From the first line of the entries through the line containing "人工智能快速发展带动AIDC", output everything exactly except the pictures.
- Opening Delimiter -
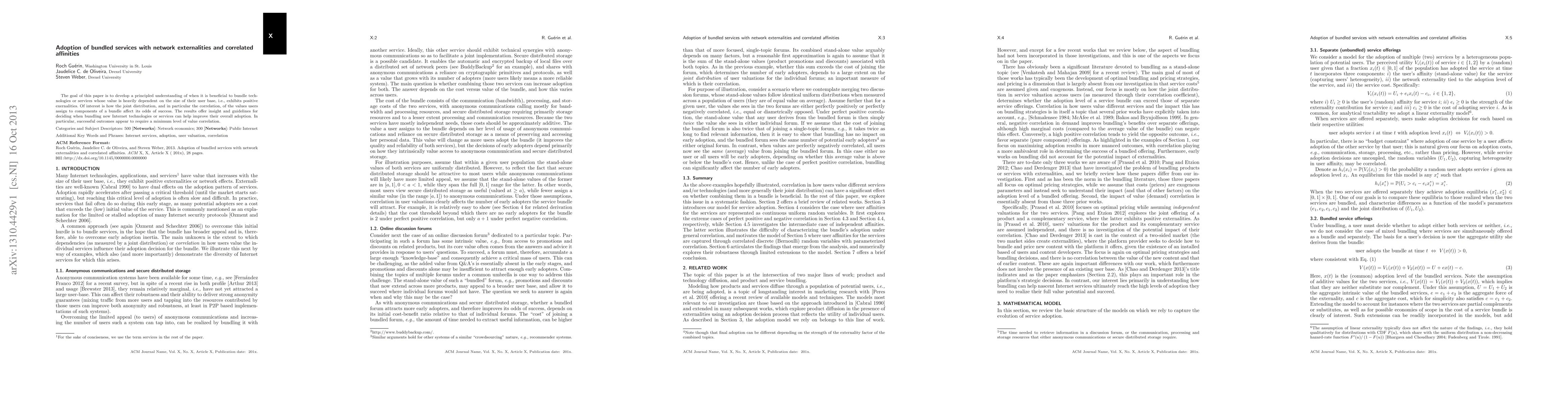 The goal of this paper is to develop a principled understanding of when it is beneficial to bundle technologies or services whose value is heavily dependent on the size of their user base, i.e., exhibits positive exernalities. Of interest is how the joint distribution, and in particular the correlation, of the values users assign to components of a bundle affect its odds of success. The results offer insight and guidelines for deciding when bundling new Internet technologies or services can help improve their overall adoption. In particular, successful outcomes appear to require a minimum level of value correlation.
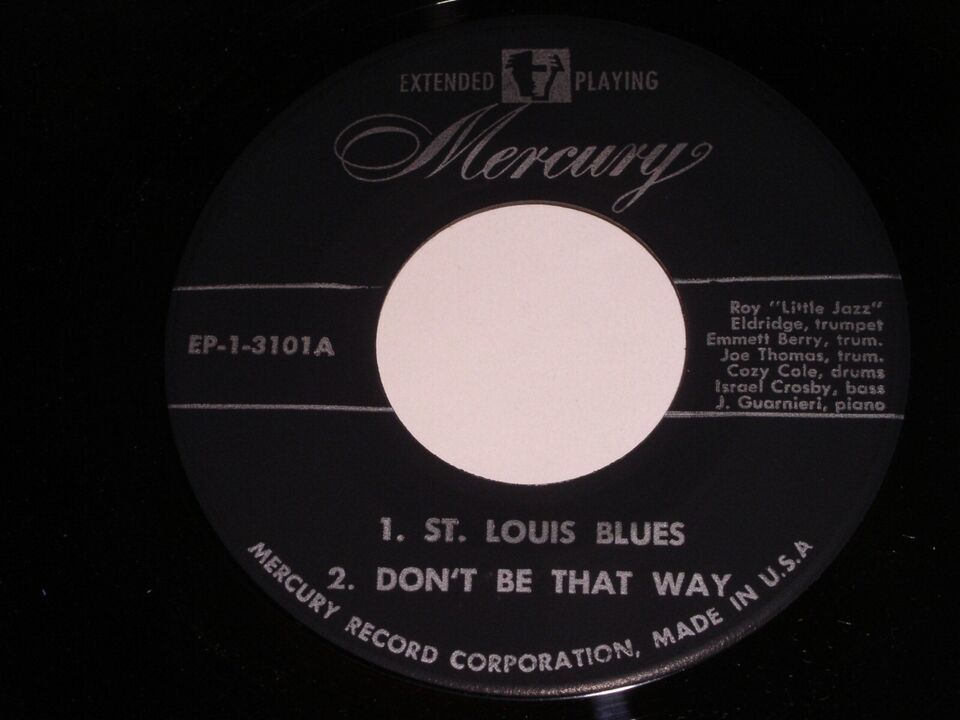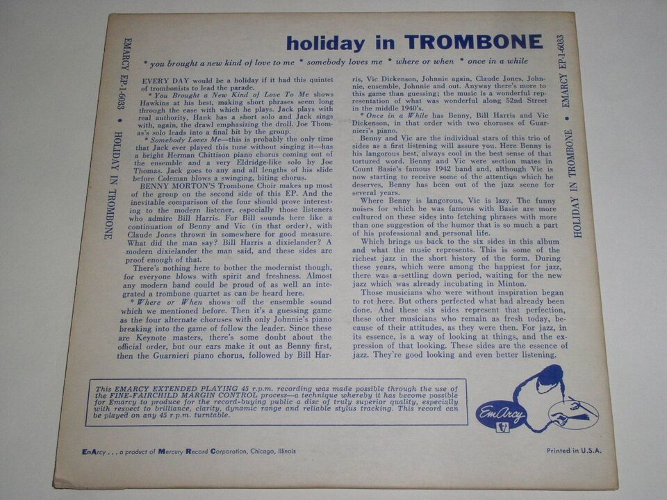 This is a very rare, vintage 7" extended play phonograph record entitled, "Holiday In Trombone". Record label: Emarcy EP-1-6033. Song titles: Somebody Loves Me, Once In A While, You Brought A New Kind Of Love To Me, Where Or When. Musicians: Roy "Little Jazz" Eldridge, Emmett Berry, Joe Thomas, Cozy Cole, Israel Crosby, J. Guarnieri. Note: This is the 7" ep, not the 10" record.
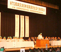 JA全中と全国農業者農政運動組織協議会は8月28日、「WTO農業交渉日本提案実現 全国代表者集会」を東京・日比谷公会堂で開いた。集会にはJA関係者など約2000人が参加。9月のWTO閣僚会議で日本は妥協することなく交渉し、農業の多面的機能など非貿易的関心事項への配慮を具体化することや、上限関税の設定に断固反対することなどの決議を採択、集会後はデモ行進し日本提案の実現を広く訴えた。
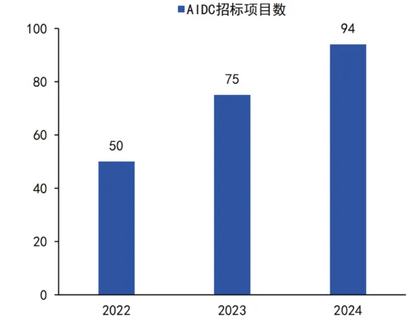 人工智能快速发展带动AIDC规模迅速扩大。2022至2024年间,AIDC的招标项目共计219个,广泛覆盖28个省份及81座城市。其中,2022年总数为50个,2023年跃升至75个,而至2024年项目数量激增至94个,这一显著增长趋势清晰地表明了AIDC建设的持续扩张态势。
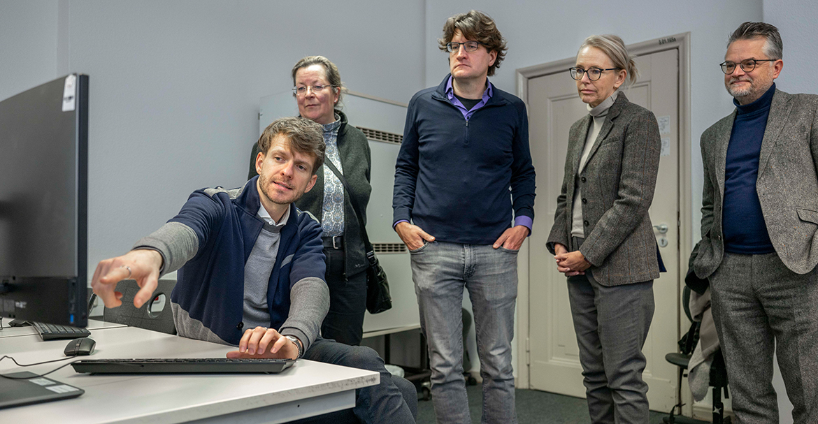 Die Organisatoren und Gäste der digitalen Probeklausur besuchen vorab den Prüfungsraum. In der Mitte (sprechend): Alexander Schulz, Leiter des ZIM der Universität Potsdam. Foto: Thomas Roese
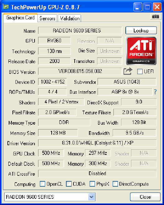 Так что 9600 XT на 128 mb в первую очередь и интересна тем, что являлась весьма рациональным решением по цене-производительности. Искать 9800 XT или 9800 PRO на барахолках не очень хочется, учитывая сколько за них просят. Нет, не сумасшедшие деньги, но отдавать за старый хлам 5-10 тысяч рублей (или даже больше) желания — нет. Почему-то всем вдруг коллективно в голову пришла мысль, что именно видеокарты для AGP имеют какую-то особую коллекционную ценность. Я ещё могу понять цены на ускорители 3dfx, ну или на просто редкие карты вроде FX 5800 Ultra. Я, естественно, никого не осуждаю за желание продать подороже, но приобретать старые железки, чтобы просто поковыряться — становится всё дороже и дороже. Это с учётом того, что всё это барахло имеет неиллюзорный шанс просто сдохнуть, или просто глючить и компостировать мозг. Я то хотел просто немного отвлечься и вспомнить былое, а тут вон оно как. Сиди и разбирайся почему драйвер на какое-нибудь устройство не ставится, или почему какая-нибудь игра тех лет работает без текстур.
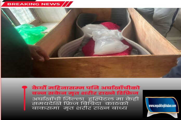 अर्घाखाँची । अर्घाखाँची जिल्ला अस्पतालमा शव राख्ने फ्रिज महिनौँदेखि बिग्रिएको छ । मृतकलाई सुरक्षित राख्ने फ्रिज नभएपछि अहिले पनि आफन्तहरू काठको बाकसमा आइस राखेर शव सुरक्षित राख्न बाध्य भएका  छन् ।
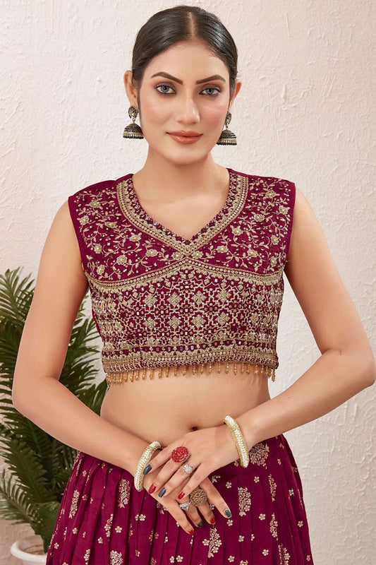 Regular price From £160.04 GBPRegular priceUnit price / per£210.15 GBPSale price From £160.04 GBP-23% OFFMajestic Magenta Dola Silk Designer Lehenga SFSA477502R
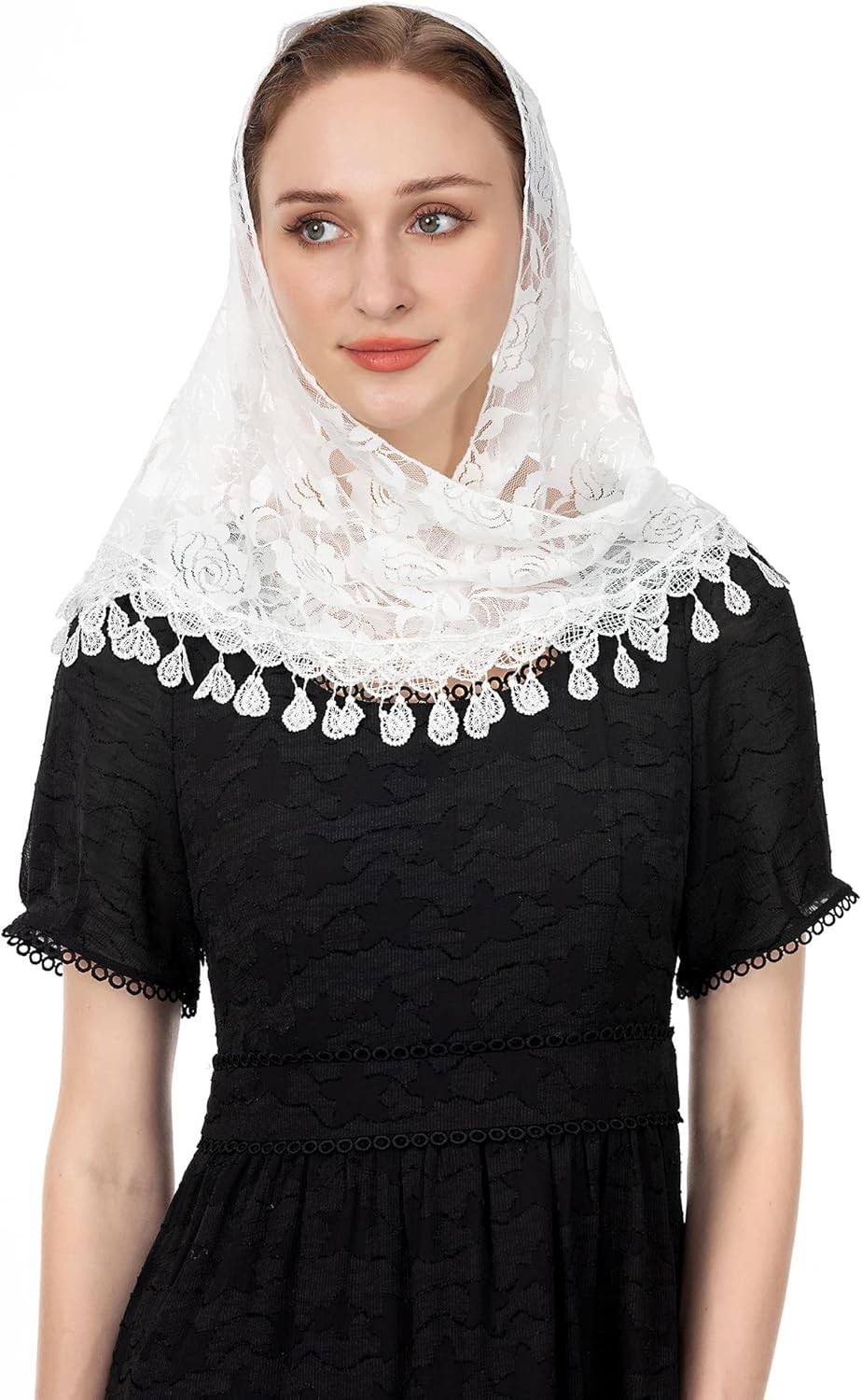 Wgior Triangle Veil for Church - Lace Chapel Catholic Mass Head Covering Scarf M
- Closing Delimiter -
SOLUTION TO THIS PROBLEM:
 The goal of this paper is to develop a principled understanding of when it is beneficial to bundle technologies or services whose value is heavily dependent on the size of their user base, i.e., exhibits positive exernalities. Of interest is how the joint distribution, and in particular the correlation, of the values users assign to components of a bundle affect its odds of success. The results offer insight and guidelines for deciding when bundling new Internet technologies or services can help improve their overall adoption. In particular, successful outcomes appear to require a minimum level of value correlation.
 This is a very rare, vintage 7" extended play phonograph record entitled, "Holiday In Trombone". Record label: Emarcy EP-1-6033. Song titles: Somebody Loves Me, Once In A While, You Brought A New Kind Of Love To Me, Where Or When. Musicians: Roy "Little Jazz" Eldridge, Emmett Berry, Joe Thomas, Cozy Cole, Israel Crosby, J. Guarnieri. Note: This is the 7" ep, not the 10" record.
 JA全中と全国農業者農政運動組織協議会は8月28日、「WTO農業交渉日本提案実現 全国代表者集会」を東京・日比谷公会堂で開いた。集会にはJA関係者など約2000人が参加。9月のWTO閣僚会議で日本は妥協することなく交渉し、農業の多面的機能など非貿易的関心事項への配慮を具体化することや、上限関税の設定に断固反対することなどの決議を採択、集会後はデモ行進し日本提案の実現を広く訴えた。
 人工智能快速发展带动AIDC规模迅速扩大。2022至2024年间,AIDC的招标项目共计219个,广泛覆盖28个省份及81座城市。其中,2022年总数为50个,2023年跃升至75个,而至2024年项目数量激增至94个,这一显著增长趋势清晰地表明了AIDC建设的持续扩张态势。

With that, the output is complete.